In response to the news that Russian government hackers penetrated the Democratic National Committee (D.N.C), the security experts commented below.
Adam Laub, Sr VP of Product Marketing at STEALTHbits Technologies:
“Political stances and consequences aside, this situation highlights the inherent dangers of “Shadow IT” whereby end users or business units within an organization leverage technology outside the purview and control of IT Administration and Security staff. As if talent isn’t scarce enough to protect the systems, applications, and data that organizations know about, there was simply no opportunity to secure this information at all, because no one capable of implementing safeguards was aware of its existence. Additionally, a major point of discussion through this entire saga has been Secretary Clinton’s use of a private email server, where the word “server” gives the average, non-technical person a feeling of elevated intent to have done wrong. It’s worth noting, however, that the use of a 3rd party email server offering like Gmail or Yahoo, or even a personal instant messaging application like Skype, could have resulted in the same outcome. For those in support of or opposed to Secretary Clinton, the fact of the matter is that the practice of Shadow IT is rampant within institutions both private and public.”
John Gunn, VP of Communications at VASCO Data Security:
“Three thoughts:
“Political organizations do not invest much in IT security as they have few assets worth stealing, so this attack was likely carried out by low-level hackers within the attacking organization.
“The hackers that pose a real threat work for financial gain, and the bigger the gain the bigger the hacking effort. Think of the failed attack on JPMorgan Chase as an unsuccessful attempt on Mt Everest and this hack as a stroll to the corner store.

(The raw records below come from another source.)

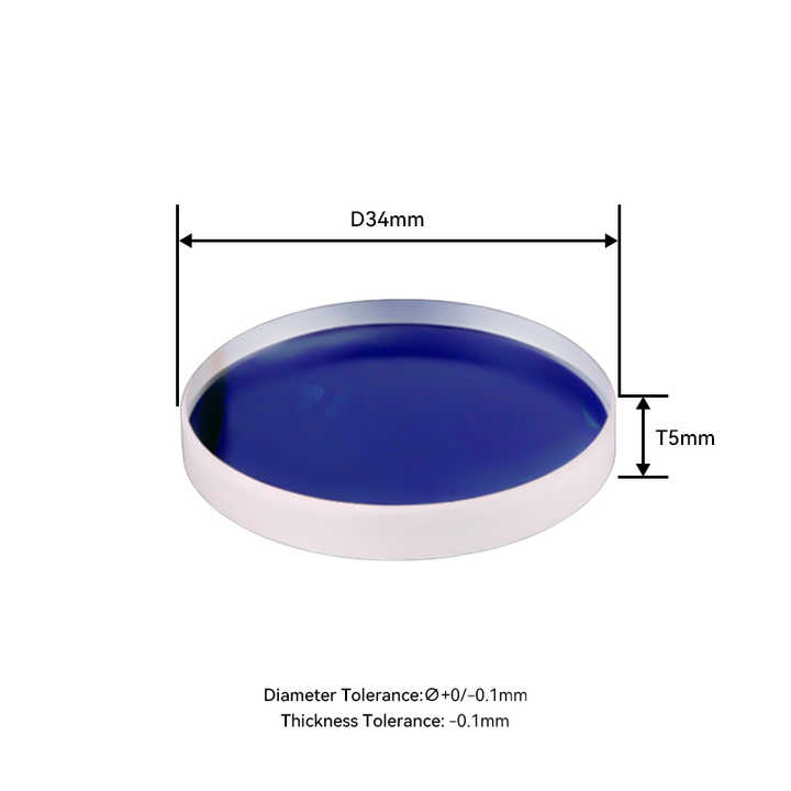 Lente de fibra óptica Raysoar, lente protectora óptica láser D34 T5.0mm, sílice fundida para máquina de corte por láser de fibra Industrial Trumpf
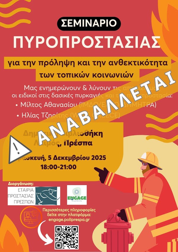 Λόγω απρόβλεπτου προβλήματος υγείας, είμαστε στη δυσάρεστη θέση να ανακοινώσουμε την αναβολή του σεμιναρίου για Δασικές Πυρκαγιές στην Πρέσπα «Δασικές Πυρκαγιές: Πρόληψη & Ανθεκτικότητα των Τοπικών Κοινωνιών» την Παρασκευή 05/12/2025.
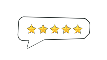 Five golden stars shining bright within a speech bubble, symbolizing excellent customer feedback and a top-notch rating for outstanding service and quality product experience.

“The DNC can’t really have anything on Trump that isn’t already somewhere on the internet, and it is hard to imagine that the hack would reveal anything more intriguing than what Trump is already saying almost daily.”
Craig Kensek, security expert, Lastline:
“Paranoia needs to be the watchword for organizations. Given that it’s an election year, major political organizations should have tightened their security or at least hired a firm to assess their security. Look for some quick investments in enhanced security by major political organizations. Someone should send an email to their volunteers to protect their mobiles, as well. The next 24 hours will tell whether the Republican party will use this as another case of a “Democrat” organization lacking appropriate security against threats.”
Ray Rothrock, CEO at RedSeal:
“The DNC’s opposition research is a high value asset that has been compromised by Russian government hackers. In addition to being embarrassing, it should be a wakeup call for every organization, every campaign, that your network is not immune from cyberattack and that your perimeter defenses, your firewalls and virus scans, are not foolproof.
The new cyber battlefield is inside your network; not on the perimeter. To win, you need to put cyber resilience at the top of your priority list. Cyber resilience is the ability to scan, detect, correct and protect your high value assets like the DNC’s opposition research.”
The opinions expressed in this post belong to the individual contributors and do not necessarily reflect the views of Information Security Buzz.